Exodus. Leviticus. Numbers. Deuteronomy. The Psalms. The Prophets. The Gospels. Paul.
70 times.
So I had to ask myself the honest question:
If men corrupted this book, why would they obsess over the same story for 1500 years? Across dozens of authors who never met?
You don’t forge a document 70 times.
That’s just not corruption.
That to me is preservation.
And then I read the line that finished me off.
1 Corinthians 5:7.
“Christ our Passover lamb has been sacrificed.”
That’s when it hit me.
The whole story was never just about Moses.
It was always pointing to a King.
The final lamb. Whose blood, when applied to your life, makes death pass over you.
Forever.
The Quran gave me 9 signs but hid the one night that explains why any of them happened.
Because the moment a Muslim understands the Passover…
he’s one step away from the cross.
To https://t.co/SFv8JENU6a, @realDonaldTrump
PLEASE REPOST.
@PeterObi is best candidate for president of Nigeria, but will lose to the DEMON Tinubu unless the voting system is reformed from violence and corruption to free and fair elections.
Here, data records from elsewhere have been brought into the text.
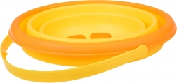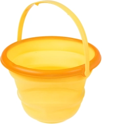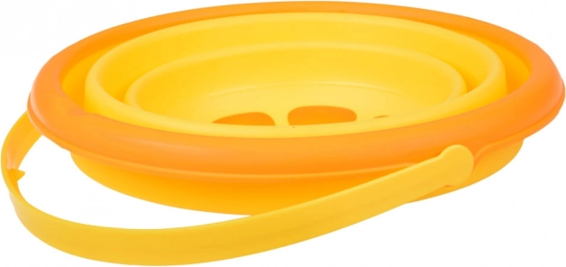 Keine sperrigen Eimer mehr im Auto. Diesen faltbaren Eimer aus weichem Silikon und Kunststoff falten Sie in Sekunden flach und genauso schnell wieder auf. Dank des bequemen Griffs lässt er sich leicht tragen, und die leuchtende Zitronenfarbe begeistert Kinder.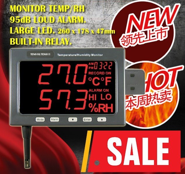 - Complete environmental monitor and alarm - Wall-Mounted LED type, easy reading - Alarm set for Hi and Low limit-Temperature and Humidity - LED displays real time data
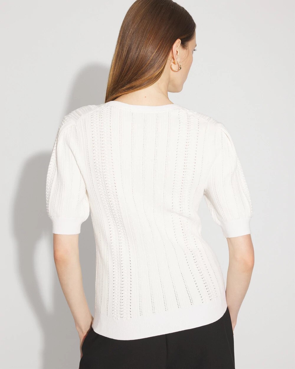 An elbow sleeve sweater with feminine puff sleeve details and a pointelle stitch pattern. Ribbed cuffs and hem finish the look. A perfect transitional piece to pair with your favorite jeans.
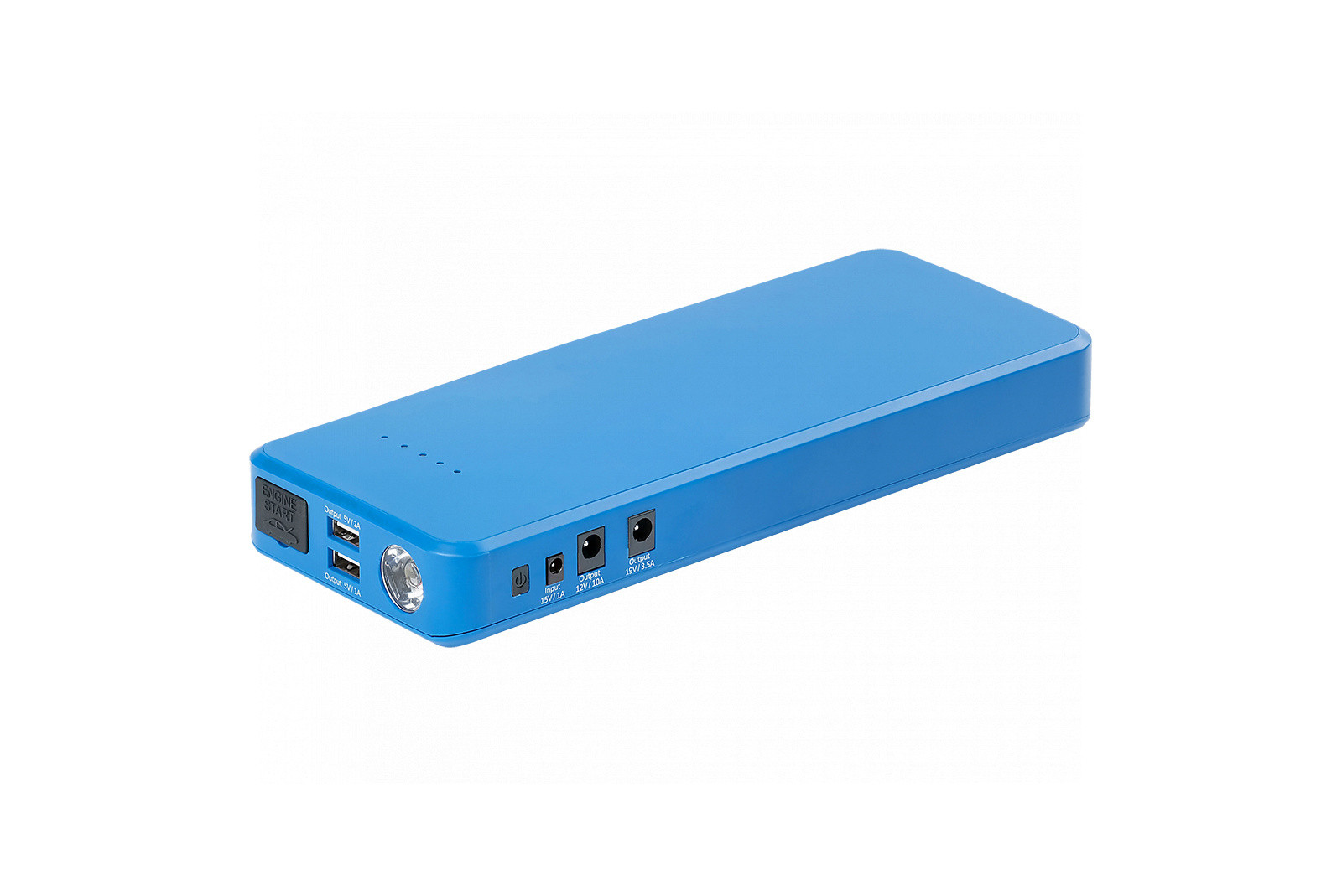 - Может использоваться в качестве внешнего источника питания для зарядки смартфонов и планшетов через разъемы USB A c напряжением 5В, с силой тока 1А или 2А, ноутбуков с напряжением питания 19,5В/ 3,5А, а так же других потребителей, с питанием 12В/2А, например переносных автомобильных холодильников и т.д.

Will you enact diplomacy to help?
Dear Nigerians, PAY ATTENTION!
Lere Olayinka has deleted the tweet that exposed his crime. He deleted it without accountability. The DSS are yet to pick him up.
@OlayinkaLere is yet to explain to all Nigerians how he was able to gain unfettered access to INEC’s restricted area of the backend.
Wike’s aide is yet to tell us how he managed to publish Emeka Ike’s sensitive data. Professor Joash Amupitan has explanations to make as well. It will cost you nothing to retweet this, until INEC gives a satisfactory explanation.
Lere must tell us what happened to the IREV.
INEC wrote a whole load of rubbish, but failed to mention @OlayinkaLere name; not once!
WHAT DOES THIS TELL YOU?
INEC & whoever wrote the rubbish on their behalf, including Lere Olayinka, are laughing at Nigerians behind the scene. Any result/results declared by Joash Amupitan will be REJECTED!
INEC WILL SET NIGERIA ON FIRE!
#ArrestLereOlayinkaNow !!!
Retweet aggressively for OK!!!
We are mobilizing 22 million grassroot votes for Obi and Kwankwaso (OK) for the upcoming 2027 presidential election using tech and AI tools. A minimum of 125 local voters in each of the 176,846 polling units in Nigeria.
Please this exercise is not for everyone. Only those who truly want to vote for the OK candidacy, and they will be thoroughly vetted using their (social media handles) before registration can be approved. If you are a mole, our AI and APP admins will fish you out in minutes, and your application will be rejected.
After successful approval, you will be given a unique code, and you are expected to register a minimum of 5 local OK voters around your ward, or polling unit. The APP will automatically put all OK voters in each ward and polling units into a unique private chat group (Super Group). You all will be updated on the latest happings in the OK movement privately. You will hold private spaces in the APP with other OK voters from your wards and polling units. You will know each other and be in touch until the date of the election. On the APP, you have the option to volunteer for the role of an OK polling unit agent, a polling unit watcher (Polling unit Security) all necessary support and logistics will be provided for you before the election day. Those who can register up to 100 genuine OK voters on the APP will have 10k naira sent into their private wallets in the APP, and the money can be claimed in less than 24 hours. It's a token for Mobilization support, and for every 100 persons mobilized, the APP will automatically credit your wallet with 10k naira token for support.
DOWNLOAD THE (SMART BALLOT) APP ON ANDROID AND IOS, and use this code NCZOG5PL-SO4EX1U5 to register and join the SUPER GROUP.
watch videos below for futher clarification and understanding.